If numbers $a,b,c$ are relatively prime, then $(a,b,c)$ is a primitive Pythagorean triples, otherwise it is not primitive.

For all Pythagorean triples (not only for primitive, where $gcd(a,b,c)=1$), the following is valid: $$(d(m^2-n^2))^2+(2dmn)^2=(d(m^2+n^2))^2$$

If we would have one fixed side, then we would factorize the it's size and consider the number of cases which is equal to the number of factors in the fixed side.

Here, we are given that every side is on an interval $[2000,3000]$.

What is the method to find all primitive Pythagorean triples in this case?

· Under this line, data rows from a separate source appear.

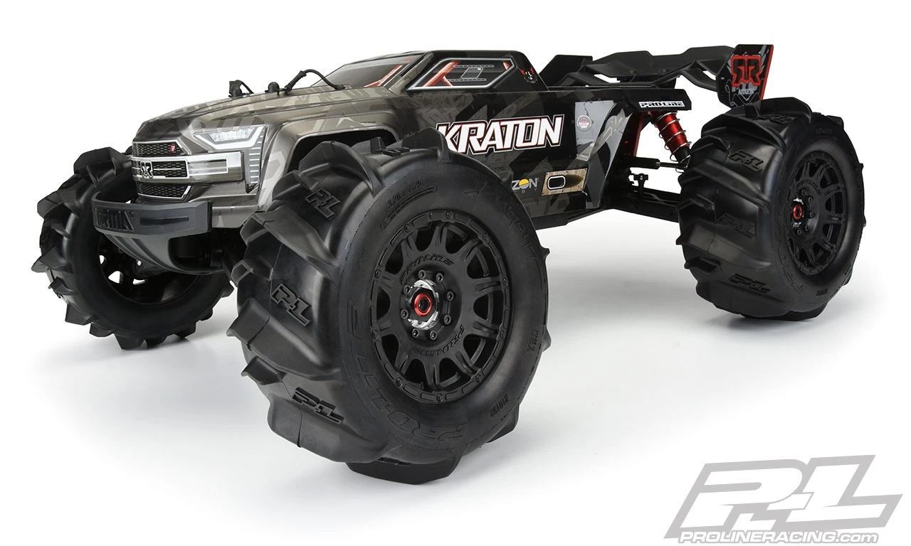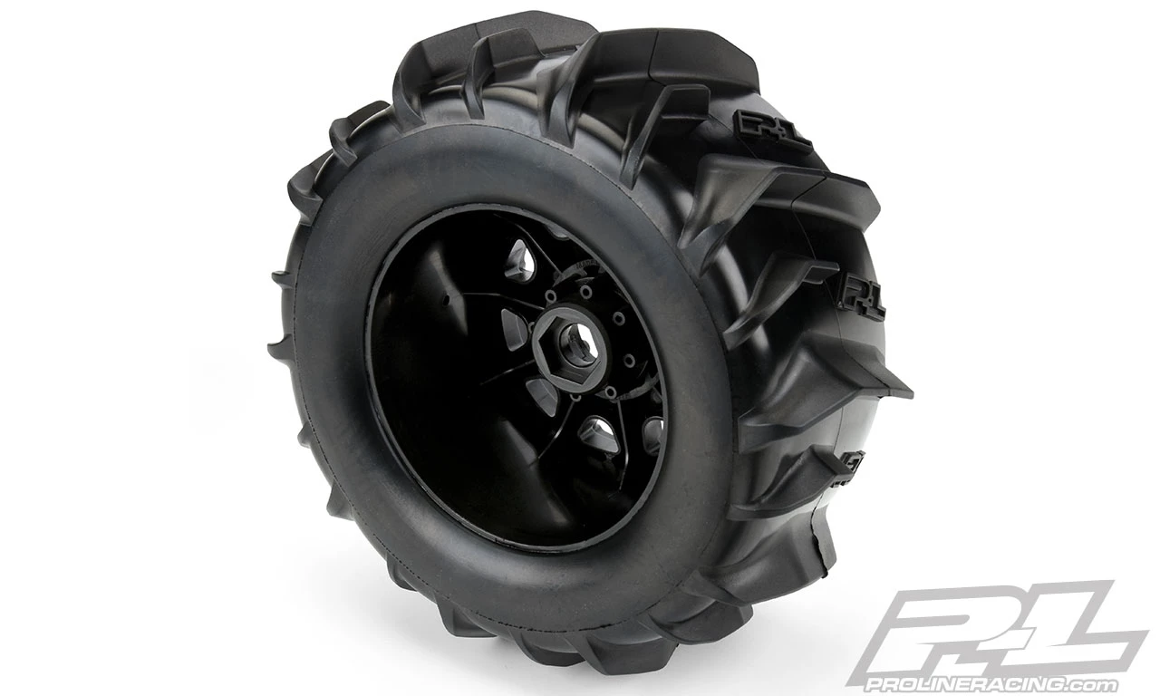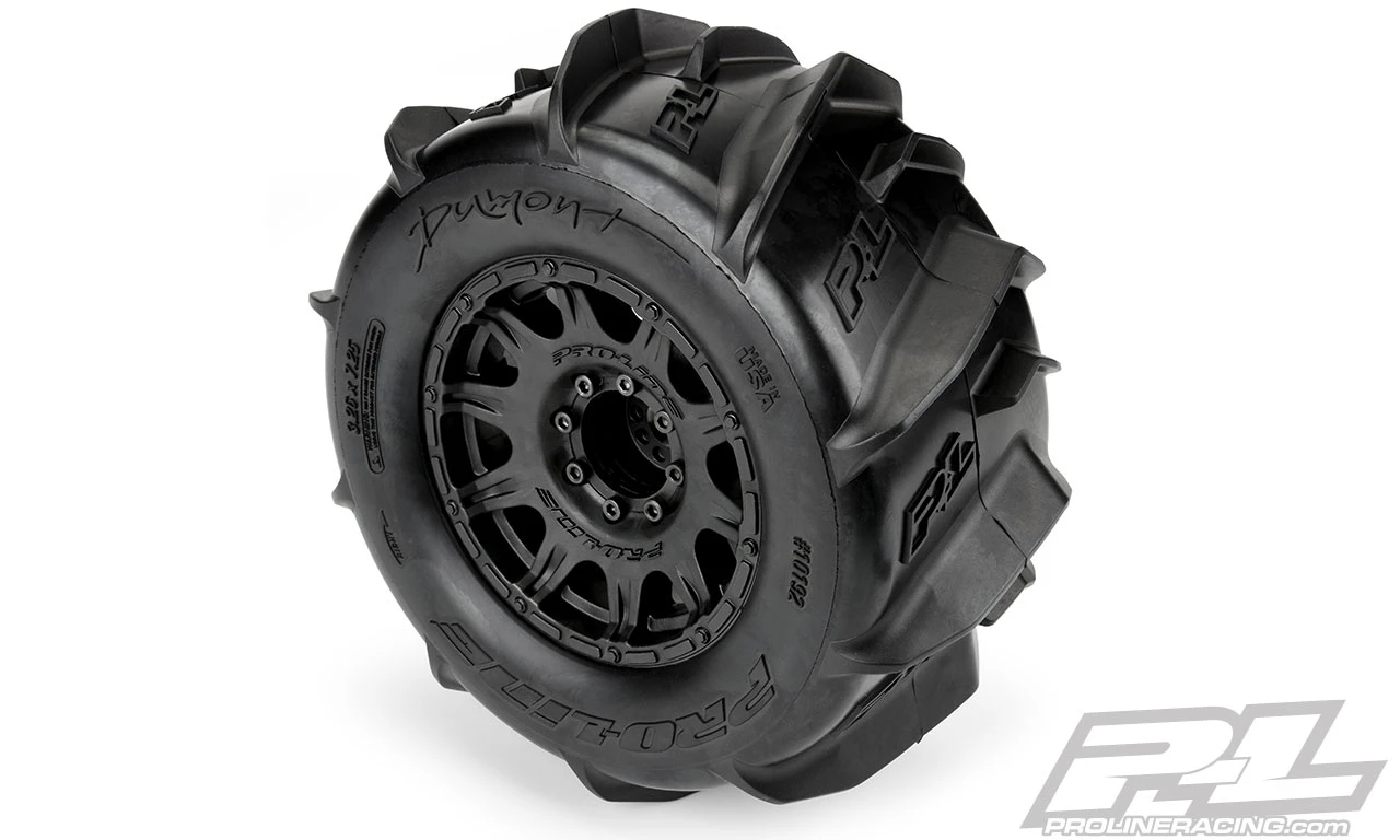 The Dumont 3.8″ tire uses the latest in paddle tread technology with large offset V-shaped paddles for maximum roosting power. Pro-Line P-L logos have been embedded into the tire carcass giving it the style that you have come to expect from Pro-Line. The Dumont Paddle tire gets its name from the incredible Dumont Sand Dunes in California, but these paddle tires are equally at home shredding your local snowfield in the winter. Don’t get stuck spinning your tires in the sand or snow. Get a set of pre-mounted Dumont Paddle tires for your 1:8 Monster Truck today!
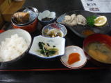 昼は民宿ちどりの岩がき定食1800円。それなり。
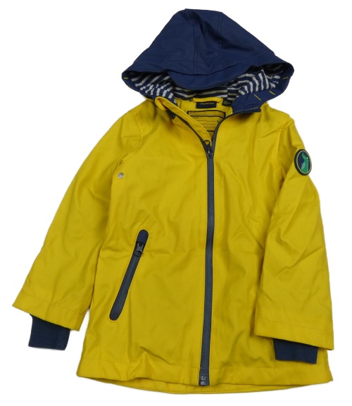 Žluto-tmavomodrá nepromokavá jarní bunda s nášivkou a kapucí impidimpi
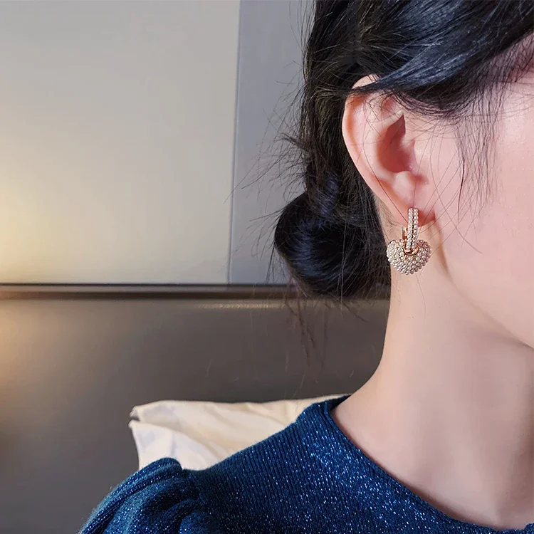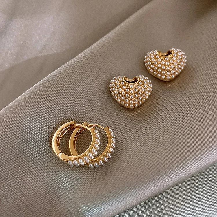 Fleepmart Women French Retro Full Set Pearl Heart Earrings High-end Simple Luxurious Temperament Exquisite and Niche Versatile Earrings
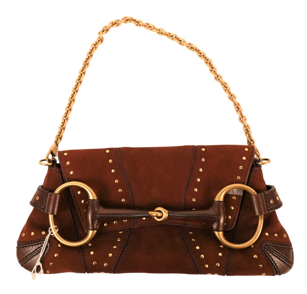 Gucci Brown Suede Horsebit Shoulder Bag, having brown leather, lined with single compartment and slip pocket, studded detail, gold tone hardware and chain link handle, height 5 inches, width 11 inches, in good condition.
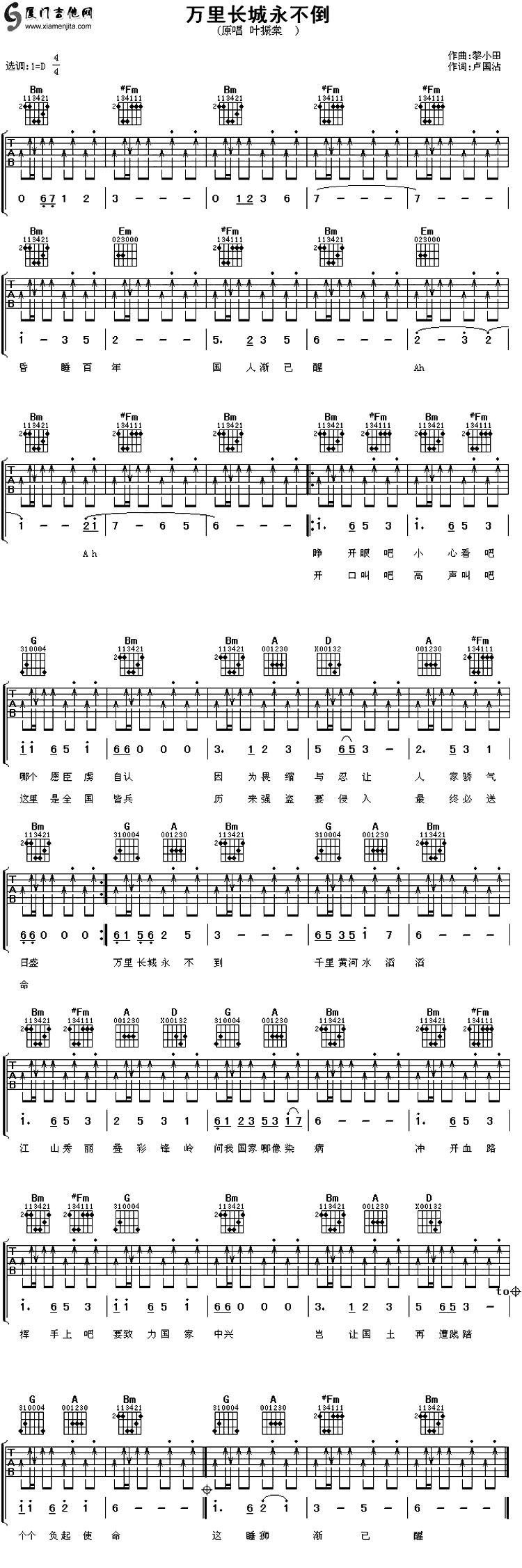 萬里長城永不倒 六線譜/簡譜/歌詞/霍元甲簡介
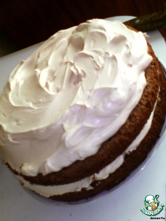 Ставим в разогретую до 180* духовку и выпекаем около 25 мин. Остывший корж разрезаем на 2 части.
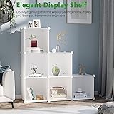 VERSATILE DISPLAY SHELF: This versatile display shelf can store all sort of items what you want: such as books, clothes, toys, decorations and more. A multi-functional storage shelf to display your daily essentials HIGH QUALITY MATERIAL: This cube shelf is made up of high quality PP panels, sturdy metal frame and ABS plastic connectors. Stable structure ensures that each cube can withstand a maximum weight of 11 lbs LARGER STORAGE SPACE: Each cube size is 11.8"L X 11.8"W X 11.8"H, the overall product size is 36.6”L x 12.4" W x 36.6" H. Please note: it fits storage bins that is smaller than 11" x 11". Large capacity to meet your different storage needs EASY TO ASSEMBLE: Simple modular structure makes it easy to assemble and disassemble. With the help of the instructional manual and wooden mallet, you can easily assemble the whole product CREATIVE & CUSTOMIZABLE: You can design different configuration according to your scene and usage. On the basis of the number of accessories we provide, you can assemble it in any way you want

  • $\begingroup$ There are not too many choices for $c$. It need to be at least $\left\lceil 2000\sqrt{2}\right\rceil = 2829$, must have the form $4k+1$ and when you factor it into prime factors, it cannot contains primes of the form $4k+3$. If I didn't make any mistake, you are leave with $18$ numbers to check: $$2833, 2837, 2845, 2857, 2861, 2873, 2885, 2897, 2909, \\ 2917, 2929, 2941, 2953, 2957, 2965, 2969, 2977, 2993$$ Among them, only $2941^2 = 2059^2 + 2100^2$ fit the bill (by brute-force and by this calculator) $\endgroup$ Nov 23, 2016 at 20:58
  • $\begingroup$ @user300047 I edited my answer to include an explanation of where these functions came from. My posts that include them almost always get downvoted but I would like you to verity for yourself whether or not these functions are valid and provide the answer you seek. $\endgroup$
    – poetasis
    Apr 22, 2019 at 17:38

1 Answer 1


The only primitive triple that meets your requirements is: $$f(n,k)=f(15,21)=(2059,2100,2941), GCD(A,B,C)=1$$ generated using equations I developed in a spreadsheet:

$$A=(2n-1)^2+2(2n-1)k$$ $$B=2(2n-1)k+2k^2$$ $$C=(2n-1)^2+2(2n-1)k+2k^2$$

I do not believe others exist as primitives. To exist, the ratio of the hypotenuse to the smallest leg must be $1.5:1$ or less. Then some integer multiple of the shortest leg must be greater than $2000$ and the same integer multiple of the hypotenuse must be less than $3000$.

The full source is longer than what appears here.